Problem → Using the data below, restate exactly every line from the one with "Elisha Succeeds Elijah" up to and including the one with "GOURMET RESTAURANT AT". No picture belongs in it.

-- Data for processing follows --

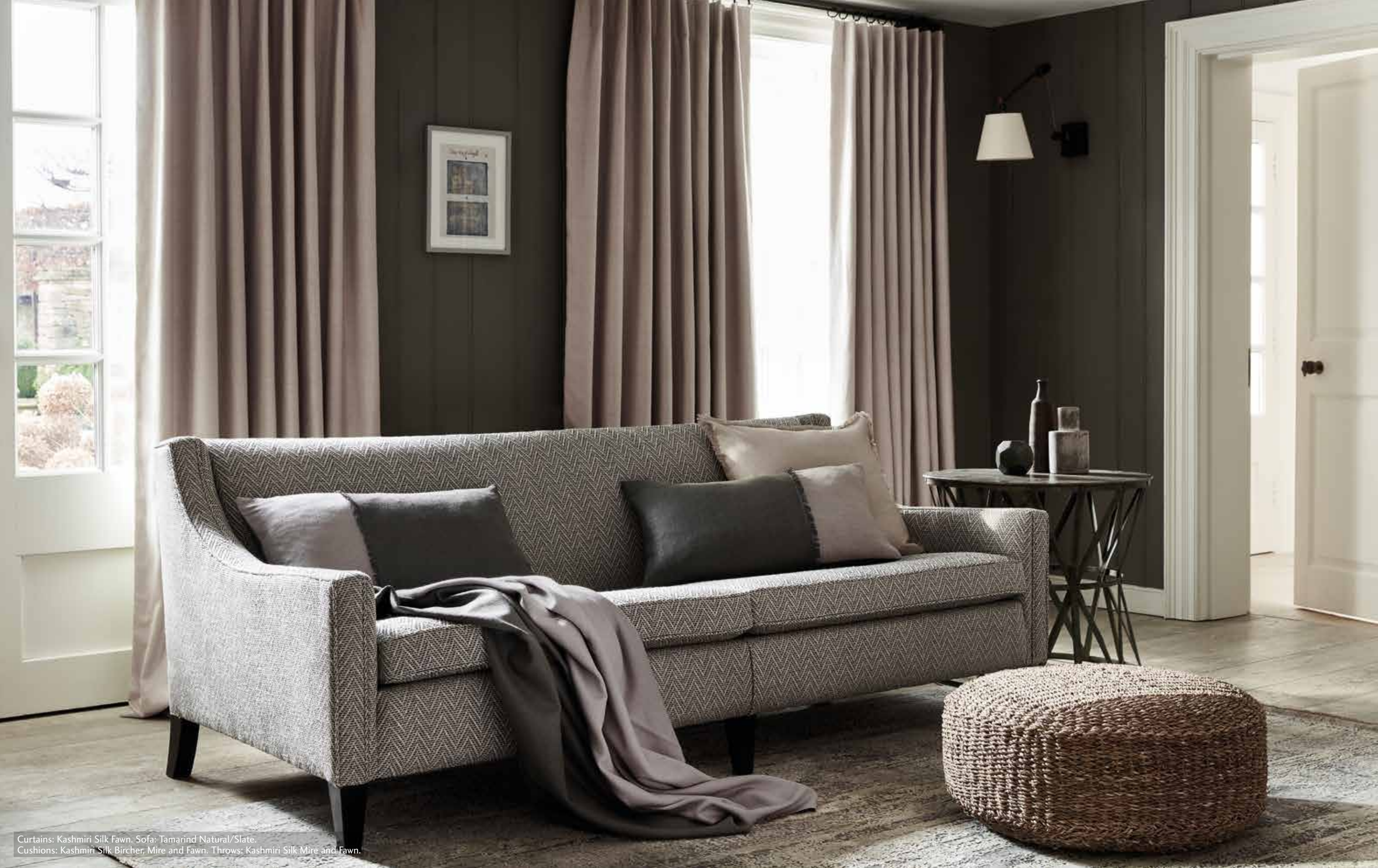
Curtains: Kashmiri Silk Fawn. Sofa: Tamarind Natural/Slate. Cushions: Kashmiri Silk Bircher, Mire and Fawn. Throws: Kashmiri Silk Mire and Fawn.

-- Data for processing concluded --
-- Data for processing follows --

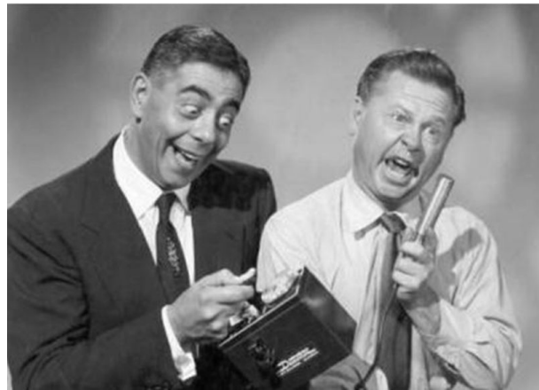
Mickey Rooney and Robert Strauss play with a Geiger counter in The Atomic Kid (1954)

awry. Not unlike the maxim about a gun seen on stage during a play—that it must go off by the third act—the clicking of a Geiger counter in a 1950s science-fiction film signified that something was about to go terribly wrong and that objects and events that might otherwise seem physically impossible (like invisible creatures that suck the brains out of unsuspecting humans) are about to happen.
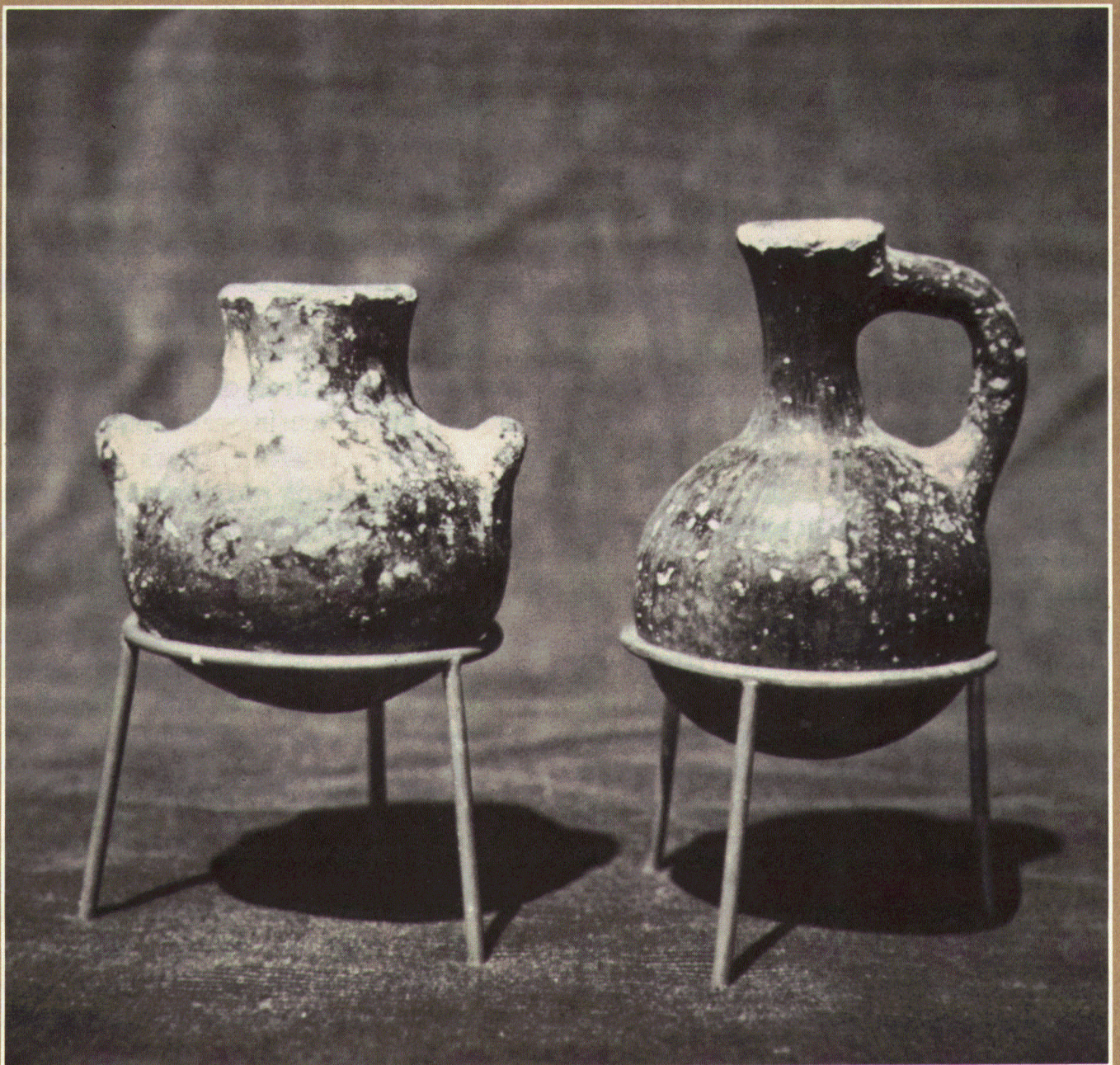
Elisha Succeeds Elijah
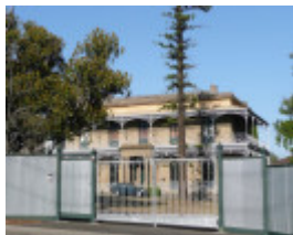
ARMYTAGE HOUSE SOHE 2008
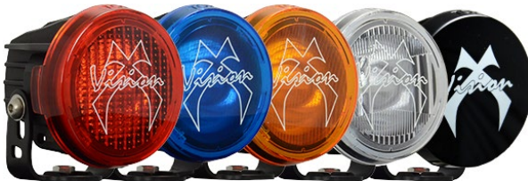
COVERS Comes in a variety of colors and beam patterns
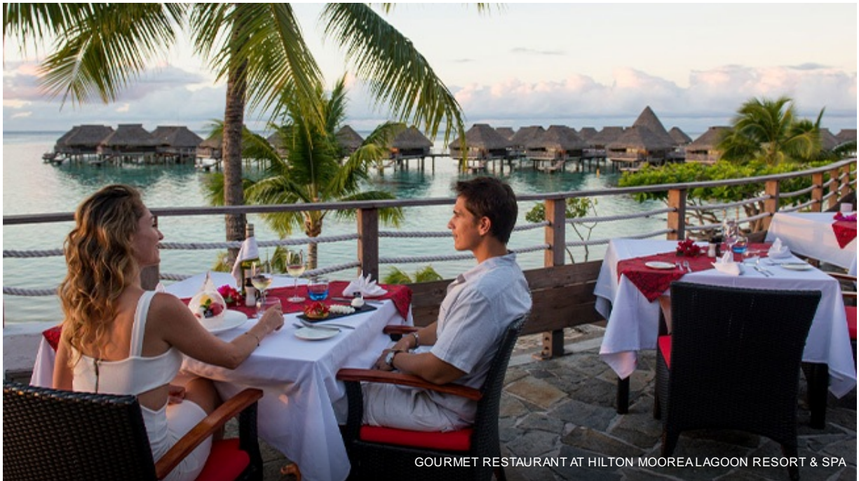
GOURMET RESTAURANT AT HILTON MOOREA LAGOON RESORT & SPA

-- Data for processing concluded --

Answer section →
Elisha Succeeds Elijah
ARMYTAGE HOUSE SOHE 2008
COVERS Comes in a variety of colors and beam patterns
GOURMET RESTAURANT AT HILTON MOOREA LAGOON RESORT & SPA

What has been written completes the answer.